Topic: Audio analysis for video files (Read 5562 times)

Matt · « **on:** July 09, 2013, 04:41:12 pm »

As discussed here, we're opening up the Audio Analyzer for video files in MC19.

Currently it analyzes these values:
Volume Level (R128)
Dynamic Range (R128)
Peak Level

My question is if there are any other useful metrics people would like for audio analysis?

Thanks for any suggestions.

MrC · « **Reply #1 on:** July 09, 2013, 04:55:04 pm »

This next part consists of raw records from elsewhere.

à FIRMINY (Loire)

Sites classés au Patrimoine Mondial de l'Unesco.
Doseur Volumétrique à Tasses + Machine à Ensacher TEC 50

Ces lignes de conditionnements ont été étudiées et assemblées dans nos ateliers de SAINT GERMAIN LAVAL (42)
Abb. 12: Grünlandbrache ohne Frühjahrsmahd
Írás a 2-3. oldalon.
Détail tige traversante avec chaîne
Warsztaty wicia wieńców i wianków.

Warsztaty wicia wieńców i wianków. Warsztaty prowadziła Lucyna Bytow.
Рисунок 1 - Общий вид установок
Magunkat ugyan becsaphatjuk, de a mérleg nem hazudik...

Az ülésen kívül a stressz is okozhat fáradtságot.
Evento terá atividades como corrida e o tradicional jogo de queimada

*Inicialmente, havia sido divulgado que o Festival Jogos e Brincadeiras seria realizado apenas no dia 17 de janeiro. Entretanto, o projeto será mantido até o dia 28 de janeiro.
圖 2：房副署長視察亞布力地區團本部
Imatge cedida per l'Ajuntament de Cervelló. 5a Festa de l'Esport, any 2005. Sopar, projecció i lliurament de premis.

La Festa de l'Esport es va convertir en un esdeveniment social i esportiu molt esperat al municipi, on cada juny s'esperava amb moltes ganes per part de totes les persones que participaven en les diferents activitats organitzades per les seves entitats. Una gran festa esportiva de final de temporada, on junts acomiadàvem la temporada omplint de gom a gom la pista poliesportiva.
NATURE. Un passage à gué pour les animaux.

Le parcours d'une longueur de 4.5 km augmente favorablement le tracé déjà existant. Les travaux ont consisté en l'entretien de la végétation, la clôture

I suppose I've been waiting for this type of question, to follow-up with one regarding BPM. I'm wondering if something might not be right. Fleetwood Mac's Over & Over (from Tusk) is analyzed to have 166 BPM. It is a very slow BPM song (with Intensity 1), so I'm wondering what beats are being counted.

Lowest priority.

Matt · « **Reply #2 on:** July 09, 2013, 05:05:59 pm »

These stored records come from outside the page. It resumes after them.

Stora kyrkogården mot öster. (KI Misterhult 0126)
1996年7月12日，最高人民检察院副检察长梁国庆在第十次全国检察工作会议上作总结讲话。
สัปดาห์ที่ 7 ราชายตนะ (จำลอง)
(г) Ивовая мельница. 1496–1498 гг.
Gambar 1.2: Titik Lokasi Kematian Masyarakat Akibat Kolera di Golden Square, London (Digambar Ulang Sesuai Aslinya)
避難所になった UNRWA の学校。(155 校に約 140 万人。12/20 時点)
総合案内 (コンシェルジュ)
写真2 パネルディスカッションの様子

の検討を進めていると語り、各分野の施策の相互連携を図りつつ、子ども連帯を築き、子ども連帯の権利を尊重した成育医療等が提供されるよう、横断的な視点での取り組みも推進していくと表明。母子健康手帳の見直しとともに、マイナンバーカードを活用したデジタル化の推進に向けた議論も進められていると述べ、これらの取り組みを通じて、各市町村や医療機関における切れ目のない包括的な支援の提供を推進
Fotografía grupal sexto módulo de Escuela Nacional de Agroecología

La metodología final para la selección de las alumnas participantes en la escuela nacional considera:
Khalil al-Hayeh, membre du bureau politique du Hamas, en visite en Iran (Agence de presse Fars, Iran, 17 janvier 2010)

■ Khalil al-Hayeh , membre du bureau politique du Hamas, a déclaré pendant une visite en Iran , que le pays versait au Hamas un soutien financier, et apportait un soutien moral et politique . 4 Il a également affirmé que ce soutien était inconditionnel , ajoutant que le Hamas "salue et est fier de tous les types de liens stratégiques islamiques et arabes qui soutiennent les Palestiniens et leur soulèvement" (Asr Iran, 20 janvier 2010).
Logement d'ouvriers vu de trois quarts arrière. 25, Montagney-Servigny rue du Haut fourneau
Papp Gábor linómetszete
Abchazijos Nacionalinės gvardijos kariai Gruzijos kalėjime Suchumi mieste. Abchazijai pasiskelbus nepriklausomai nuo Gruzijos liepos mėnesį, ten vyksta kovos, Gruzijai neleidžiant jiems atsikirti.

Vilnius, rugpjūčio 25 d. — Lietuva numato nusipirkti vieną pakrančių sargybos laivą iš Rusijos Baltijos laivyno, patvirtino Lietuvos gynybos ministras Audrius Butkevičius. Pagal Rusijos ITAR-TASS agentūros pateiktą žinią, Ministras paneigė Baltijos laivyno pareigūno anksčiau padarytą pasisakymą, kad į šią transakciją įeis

BPM algorithms are tricky.

It's not easy, sometimes even for a human, to tell between multiples like 50, 100, and 150 bpm.

I think we could improve our algorithm, and it's the type of things I love getting lost on, but I also don't think it's very important compared to some of the other opportunities we have.

mojave · « **Reply #3 on:** July 09, 2013, 05:07:17 pm »

Average Level
Crest Factor (probably not really necessary since you have Dynamic Range)

Will it provide data for each channel?

Matt · « **Reply #4 on:** July 09, 2013, 05:29:13 pm »

Quote

Average Level

Isn't that similar to the loudness (ie. ReplayGain / R128 Loudness)?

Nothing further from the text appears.